Items from a dataset:
========================

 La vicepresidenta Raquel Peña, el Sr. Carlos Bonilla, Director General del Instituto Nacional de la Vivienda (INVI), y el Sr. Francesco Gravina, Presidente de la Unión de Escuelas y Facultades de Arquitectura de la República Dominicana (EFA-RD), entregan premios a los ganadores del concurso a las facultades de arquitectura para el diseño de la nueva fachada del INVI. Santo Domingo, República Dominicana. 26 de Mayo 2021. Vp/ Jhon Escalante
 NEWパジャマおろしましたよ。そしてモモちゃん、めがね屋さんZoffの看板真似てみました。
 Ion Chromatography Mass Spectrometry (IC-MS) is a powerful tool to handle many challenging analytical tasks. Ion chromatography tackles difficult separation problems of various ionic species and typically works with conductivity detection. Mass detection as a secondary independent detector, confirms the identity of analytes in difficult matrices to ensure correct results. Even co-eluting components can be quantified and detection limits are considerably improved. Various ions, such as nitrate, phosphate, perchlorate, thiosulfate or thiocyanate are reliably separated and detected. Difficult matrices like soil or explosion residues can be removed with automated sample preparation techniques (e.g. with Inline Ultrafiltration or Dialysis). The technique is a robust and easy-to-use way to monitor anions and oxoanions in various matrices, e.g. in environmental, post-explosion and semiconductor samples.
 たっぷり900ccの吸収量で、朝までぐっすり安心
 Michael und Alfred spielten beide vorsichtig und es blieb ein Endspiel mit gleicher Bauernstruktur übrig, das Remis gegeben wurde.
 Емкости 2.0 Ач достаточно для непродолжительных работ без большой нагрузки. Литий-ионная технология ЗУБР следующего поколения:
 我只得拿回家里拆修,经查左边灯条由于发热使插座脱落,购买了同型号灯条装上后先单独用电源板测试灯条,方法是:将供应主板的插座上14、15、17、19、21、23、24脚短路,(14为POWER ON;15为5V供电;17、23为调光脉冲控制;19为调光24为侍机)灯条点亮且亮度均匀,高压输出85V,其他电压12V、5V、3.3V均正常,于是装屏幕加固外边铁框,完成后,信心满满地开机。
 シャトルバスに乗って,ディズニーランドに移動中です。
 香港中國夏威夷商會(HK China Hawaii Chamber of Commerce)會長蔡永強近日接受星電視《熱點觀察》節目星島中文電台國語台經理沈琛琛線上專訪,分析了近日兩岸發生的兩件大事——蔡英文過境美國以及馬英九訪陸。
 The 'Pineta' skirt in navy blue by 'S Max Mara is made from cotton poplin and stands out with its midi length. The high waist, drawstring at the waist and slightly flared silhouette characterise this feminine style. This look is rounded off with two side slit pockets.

========================

§ EXERCISE
Above are the records; copy exactly the lines from the one with "たっぷり900ccの吸収量で、朝までぐっすり安心" through the final line.

§ ANSWER BOX
 たっぷり900ccの吸収量で、朝までぐっすり安心
 Michael und Alfred spielten beide vorsichtig und es blieb ein Endspiel mit gleicher Bauernstruktur übrig, das Remis gegeben wurde.
 Емкости 2.0 Ач достаточно для непродолжительных работ без большой нагрузки. Литий-ионная технология ЗУБР следующего поколения:
 我只得拿回家里拆修,经查左边灯条由于发热使插座脱落,购买了同型号灯条装上后先单独用电源板测试灯条,方法是:将供应主板的插座上14、15、17、19、21、23、24脚短路,(14为POWER ON;15为5V供电;17、23为调光脉冲控制;19为调光24为侍机)灯条点亮且亮度均匀,高压输出85V,其他电压12V、5V、3.3V均正常,于是装屏幕加固外边铁框,完成后,信心满满地开机。
 シャトルバスに乗って,ディズニーランドに移動中です。
 香港中國夏威夷商會(HK China Hawaii Chamber of Commerce)會長蔡永強近日接受星電視《熱點觀察》節目星島中文電台國語台經理沈琛琛線上專訪,分析了近日兩岸發生的兩件大事——蔡英文過境美國以及馬英九訪陸。
 The 'Pineta' skirt in navy blue by 'S Max Mara is made from cotton poplin and stands out with its midi length. The high waist, drawstring at the waist and slightly flared silhouette characterise this feminine style. This look is rounded off with two side slit pockets.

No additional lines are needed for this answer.